Он чмокнул сопящего Йоську в лохматую макушку и свободной рукой толкнул дверь в номер.
***
Виновником своей всё ещё не устроенной до конца личной жизни Саманта до поры до времени считала Эмиля, который, несмотря на давние отношения, никак не делал ей предложения. Подарки – дарил, много времени – уделял, решал её проблемы как свои, ей не к чему было придраться – но колечко на пальце блестело своим отсутствием, и Саманта начинала терять терпение.
Других женщин не было да и быть не могло.
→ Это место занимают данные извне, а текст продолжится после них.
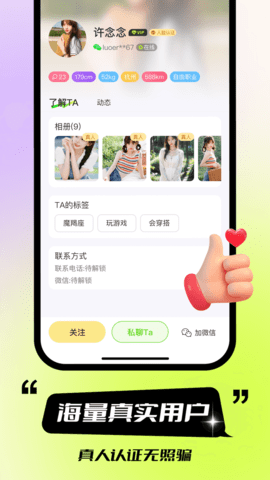 提供了线上的真人认证,确保用户可以在线诚信真实的聊天互动。通过人脸识别和身份验证双重保障,有效过滤虚假账号,让每位用户都能放心交友。

Несмотря на то, что Свендсена обожали как норвежки, так и русские, и ещё тысячи поклонниц по всему миру, - налево он не смотрел никогда. То ли родители так воспитали, то ли и правда любил одну Саманту. И лишь один таракашек в голове твердил, что что-то не так. Не было у таракашка ни серьёзных аргументов, ни даже стопроцентной уверенности в своей правоте, но долгими зимними вечерами, которые девушка проводила одна, пока Эмиль откатывал сезон, он тихо нашёптывал ей свои подозрения. И одно имя звучало отчётливее других. Тарьей.
- Ты какого чёрта вертишься около Эмиля? – шипела Саманта, раздраконенная словами Йоханнеса, и вскидывала наманикюренные пальчики в опасной близости от глаз своего визави, - ты что ему жить спокойно не даёшь? Он давно бы женился на мне, если бы не твоя собачья морда…
- Эй, потише, ты мне глаз выколешь, у меня прицел собьётся.
- Мы с ним поженимся, хочешь ты этого или нет, ублюдок, потому что Эмиль любит меня, и ему нужна я, - я, а не ты. Иначе он бы давно мне об этом сказал.
Не давая Тарьею и слова вставить, она перечислила все самые умильные моменты их с Эмилем совместной жизни, посчитав их достаточными аргументами в свою пользу. Всё давно идёт к свадьбе – и если она до сих пор не состоялась, виноват в этом только Тарьей, который сбивает своего друга с толку и не даёт принять самое важное в жизни решение. И хорошо хоть, что Йоханнес рассказал обо всём, иначе она, Саманта, и дальше вела бы себя как слепая, глухая тетеря. Но теперь она больше не позволит над собой смеяться – и получит то, что принадлежит ей по праву, её никто не остановит.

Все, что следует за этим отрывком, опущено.